__WORK REQUIRED__:
Transcribe the data in full and exactly, omitting any pictures.

__RAW DATA__:
##########

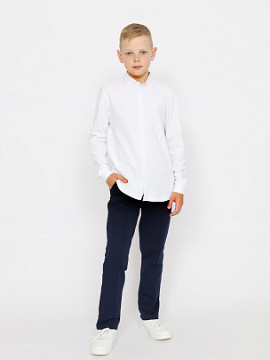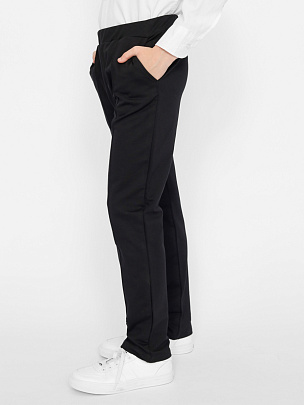 Брюки с притачным поясом из основного полотна и резинкой внутри. На передних половинках расположены карманы и отстроченные стрелки.
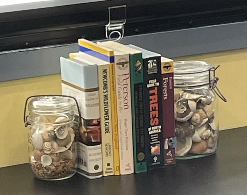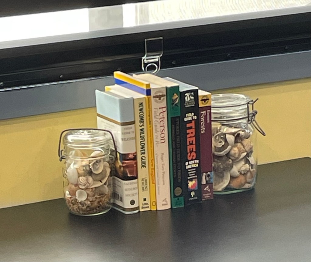 The nature guides on the table have jars of Florida seashells as bookends too!
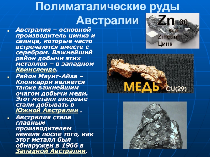В основе развития угольной промышленности лежат крупные запасы, которые могут обеспечивать добычу угля на протяжении 240 лет. Основные залежи каменного угля расположены в восточной части материка. Страна обладает самыми крупными в мире ресурсами высококачественных коксующихся углей. Месторождения энергетических углей отличаются очень благоприятными горно-геологическими условиями. Наиболее крупные месторождения, разрабатываемые в настоящее время, находятся в районе городов Ньюкасл и Литтоу в штате Новый Южный Уэльс

##########

__TASK ANSWER__:
 Брюки с притачным поясом из основного полотна и резинкой внутри. На передних половинках расположены карманы и отстроченные стрелки.
 The nature guides on the table have jars of Florida seashells as bookends too!
В основе развития угольной промышленности лежат крупные запасы, которые могут обеспечивать добычу угля на протяжении 240 лет. Основные залежи каменного угля расположены в восточной части материка. Страна обладает самыми крупными в мире ресурсами высококачественных коксующихся углей. Месторождения энергетических углей отличаются очень благоприятными горно-геологическими условиями. Наиболее крупные месторождения, разрабатываемые в настоящее время, находятся в районе городов Ньюкасл и Литтоу в штате Новый Южный Уэльс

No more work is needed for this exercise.